Problem to work on:
Once you find the line containing "Number: 03**** |" in the data below, copy it and each following line exactly, up to and including the line containing "Riding on the tractor – beach scene.", and nothing else.

Extracted data:

..........

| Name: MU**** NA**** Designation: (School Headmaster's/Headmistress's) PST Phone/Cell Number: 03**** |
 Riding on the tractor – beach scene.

..........

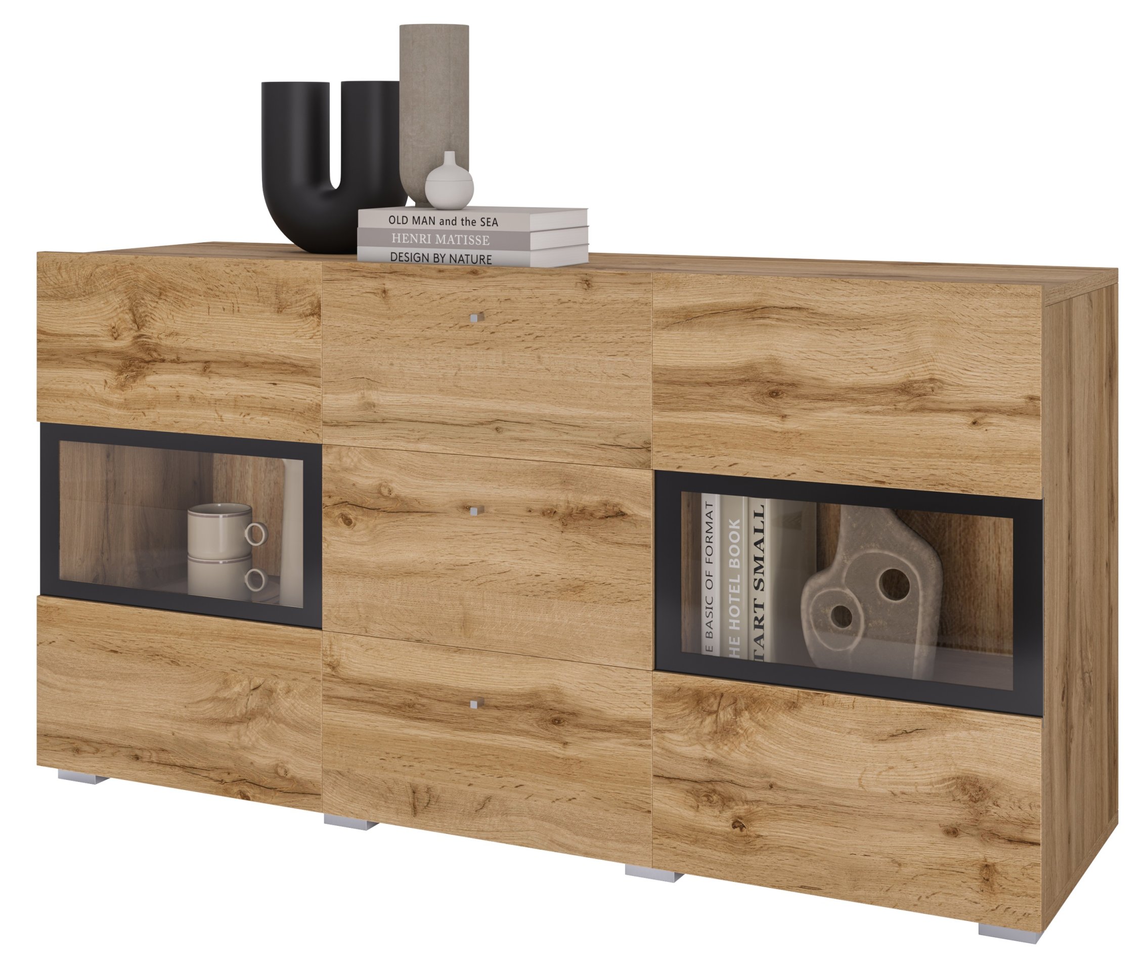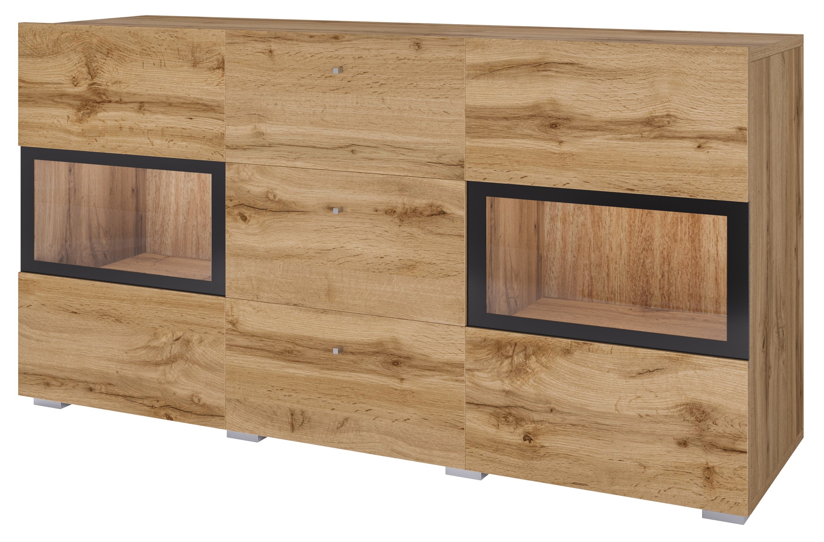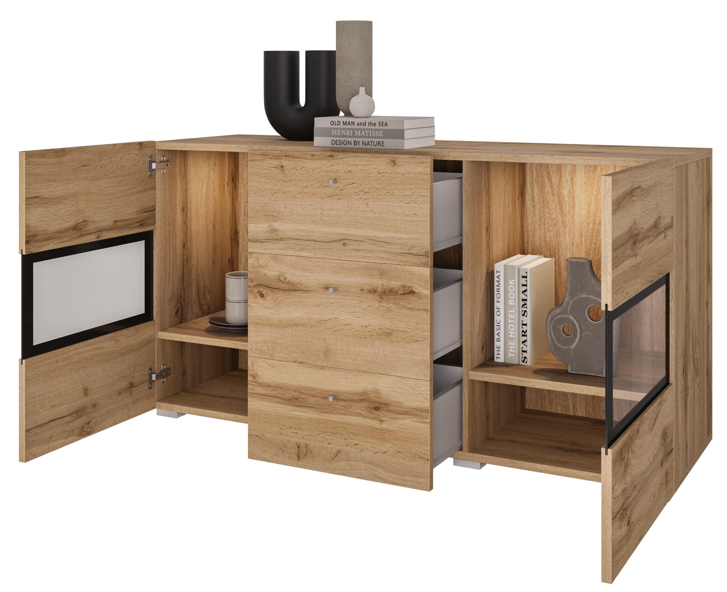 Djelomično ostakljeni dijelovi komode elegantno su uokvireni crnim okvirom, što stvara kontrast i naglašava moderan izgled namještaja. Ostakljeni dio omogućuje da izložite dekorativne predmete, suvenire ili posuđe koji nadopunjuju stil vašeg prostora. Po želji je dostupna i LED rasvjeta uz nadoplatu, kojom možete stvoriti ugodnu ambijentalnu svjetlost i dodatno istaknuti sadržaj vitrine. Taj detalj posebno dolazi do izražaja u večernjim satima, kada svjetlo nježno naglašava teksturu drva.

..........

Result for this exercise:
| Name: MU**** NA**** Designation: (School Headmaster's/Headmistress's) PST Phone/Cell Number: 03**** |
 Riding on the tractor – beach scene.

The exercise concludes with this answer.